Click-and-Collect läuft hier schon seit Jahren

Dabei steht die Stadt in Sachen Einzelhandel gar nicht so schlecht da. Zum einen ist sie Ballungsraum und damit sowieso besser dran als kleine, unbelebte Städte. Zum anderen gibt es in L.-E. seit gut vier Jahren den Online-Marktplatz „MyLE“, den der BDS betreibt. Mittlerweile verzeichnet die Website etwa 1000 Nutzer pro Tag. Mehr als 100 Unternehmen, 30 Vereine, 150 Gastronomen und 26 Hotels aus Leinfelden-Echterdingen stellen sich dort vor. Kunden können sich so über deren Angebote informieren und Produkte bestellen, die sie dann im Laden abholen. „Früher musste man noch erklären, was Click-and-Collect ist, seit Corona weiß das jeder“, sagt Marion Mohr, die sich beim BDS um die Website kümmert.

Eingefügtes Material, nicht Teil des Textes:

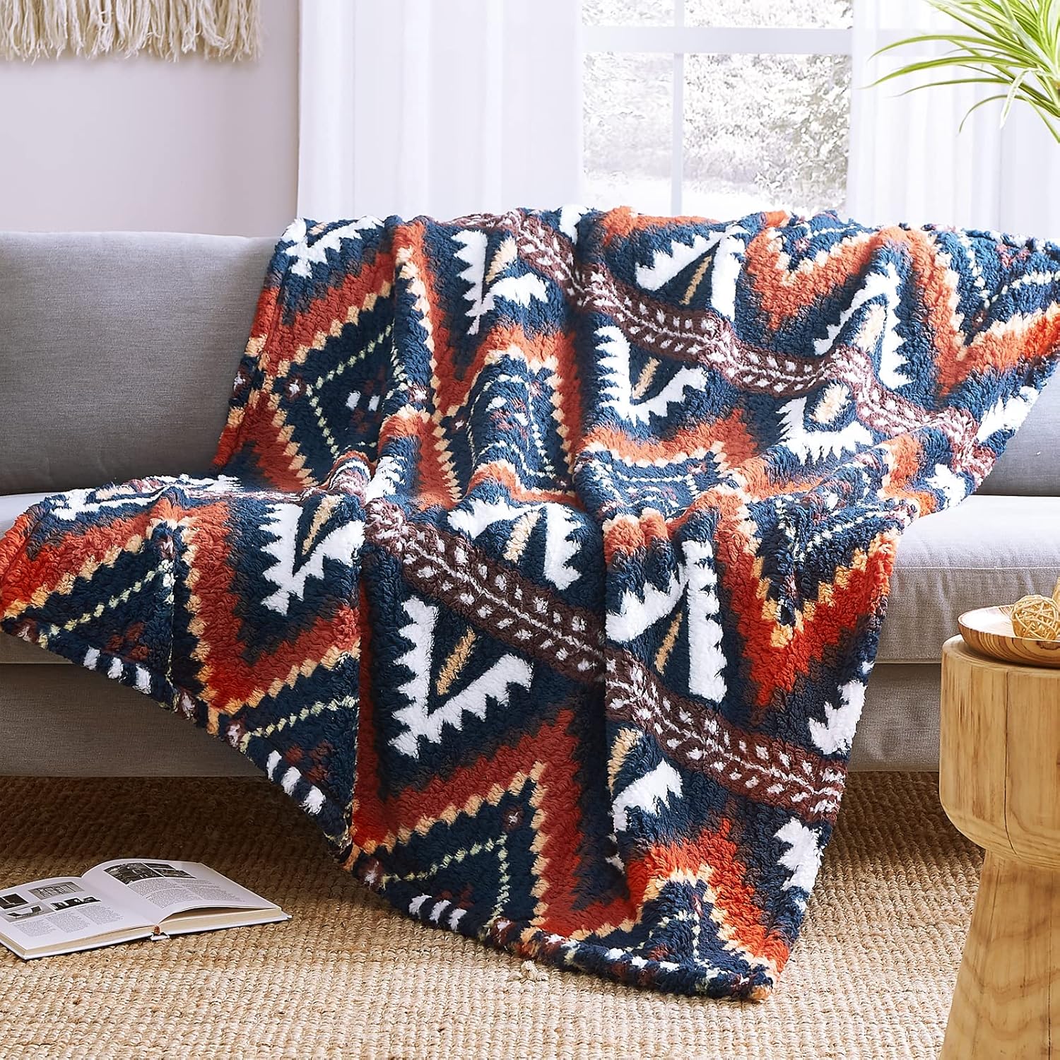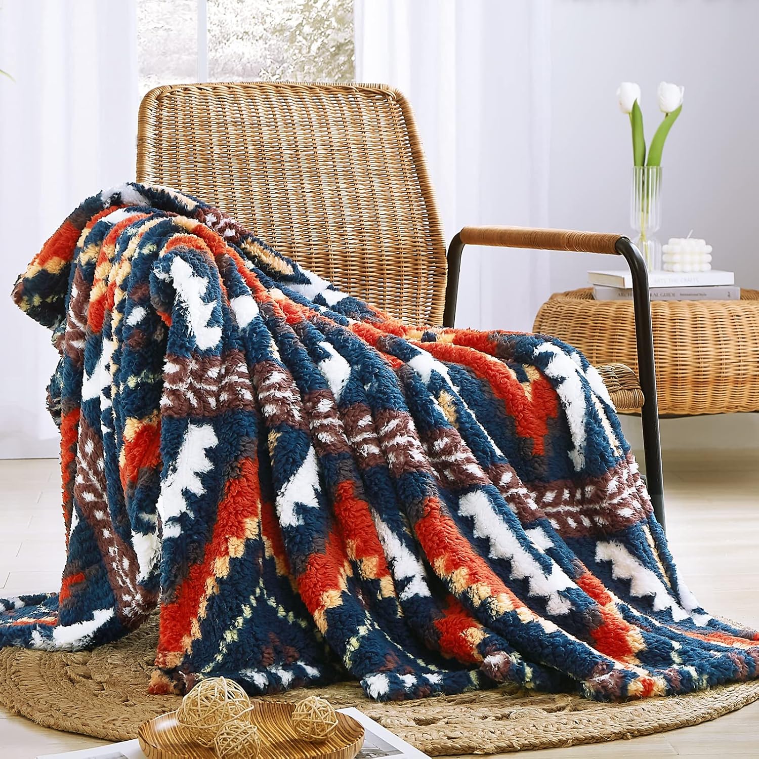 CASAAGUSTO Boho Sherpa Blanket, Aztec Twin Blanket, Ultra Soft, Warm, Cozy, Plush, Thick Fleece Western Blanket for Couch, Bed, Sofa (Navy Blue 60 * 80 Inch)
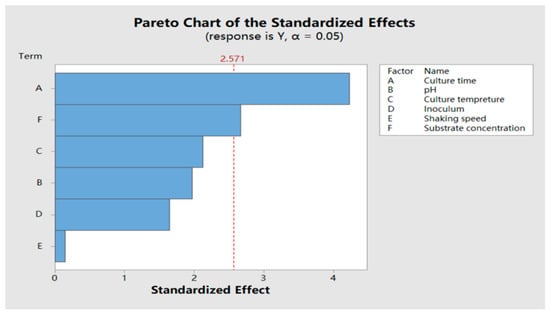 The effects of six parameters including culture time, initial pH, inoculation rate, culture temperature, shaking speed and substrate concentration were investigated using the Plackett–Burman (PB) test [37]. In the test, n was set as 12, every factor was set as two levels. Minitab 17 (Minitab Inc, State College, PA, USA) software was applied to evaluate the effects and significance of each factor, in order to confirm the significance factor. Factor levels of the PB test design are shown in Table 8.
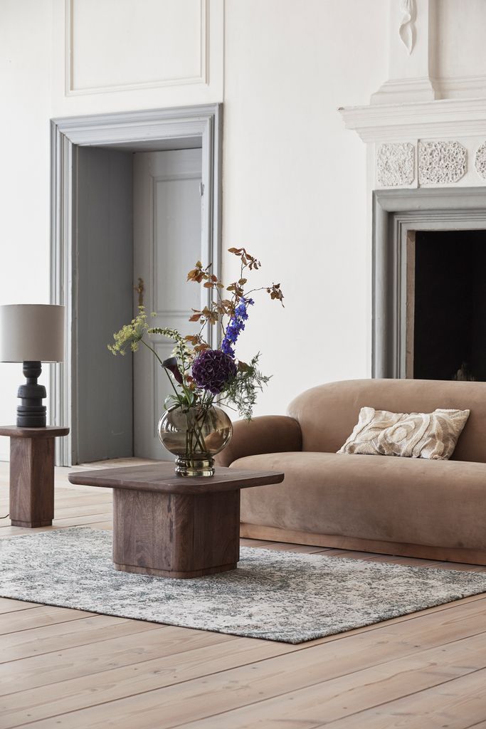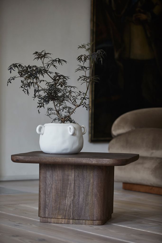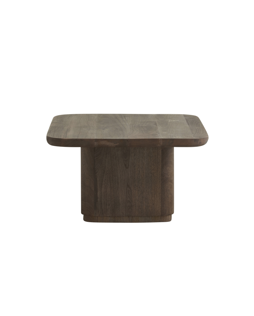 TOKE soffbord är tillverkat av mangoträ i en brunbetsad färg.

Mit „MyLE“ war der örtliche Einzelhandel so gesehen bestens auf die Pandemie vorbereitet. „Wir hatten das Glück, dass dieses Angebot schon vorher etabliert war“, sagt Mohr. Um als Händler den Umgang mit dem Internet kennenzulernen, sei die Plattform bestens geeignet, sagt Ralf Schröder. „Aber wir dürfen nicht zu viele Erwartungen schüren, man verkauft darüber nicht viel.“ Mit dem Verkauf von Brillen komme er im Netz sowieso nicht weit. Da gebe es weitaus etabliertere Anbieter, die die gleichen Modelle verkaufen. Petra Lorenz dagegen, die ein Elektrofachgeschäft in Musberg hat, hat über „MyLE“ auch schon eine Bestellung aus Hamburg bekommen. Sie hatte einen orangefarbenen Wasserkocher verkauft – offenbar eine Rarität im Netz. „Man muss einfach auch online den Service bieten, der den Fachhandel ausmacht“, sagt Marion Mohr, „man kann für den Kunden zum Beispiel Pakete bündeln, die er so bei Amazon nicht bekommt“.

Mit dem Internet konkurrieren kann und will man nicht

Dass der Einzelhandel im Internet nicht mit den Großen wie Amazon konkurrieren kann, ist den Unternehmern klar. Das wollen sie auch gar nicht. „Ich will nichts im Internet verkaufen. Ich will, dass die Leute zu mir kommen, ich will ihnen meine Qualität und Manpower anbieten“, sagt Winfried Mettler, Vorstand des BDS. Ralf Schröder ergänzt: „Die Frage ist doch, was gefällt den Menschen am Onlineshopping. Das sind andere Dinge als die, die ihnen gefallen, wenn sie in die Innenstadt gehen – dort freuen sie sich, Menschen zu begegnen und einen Kaffee trinken zu gehen, und das müssen wir unbedingt erhalten.“ Deshalb appelliert der Geschäftsführer an die Grünen-Politiker, die Innenstädte so zu gestalten, dass sich Kunden dort gerne aufhalten. Außerdem sollen junge Menschen mehr dazu ermutigt werden, in die Selbstständigkeit zu gehen. Denn trotz aller Schwierigkeiten: „Ich bin sehr, sehr gerne selbstständig“, sagt Schröder.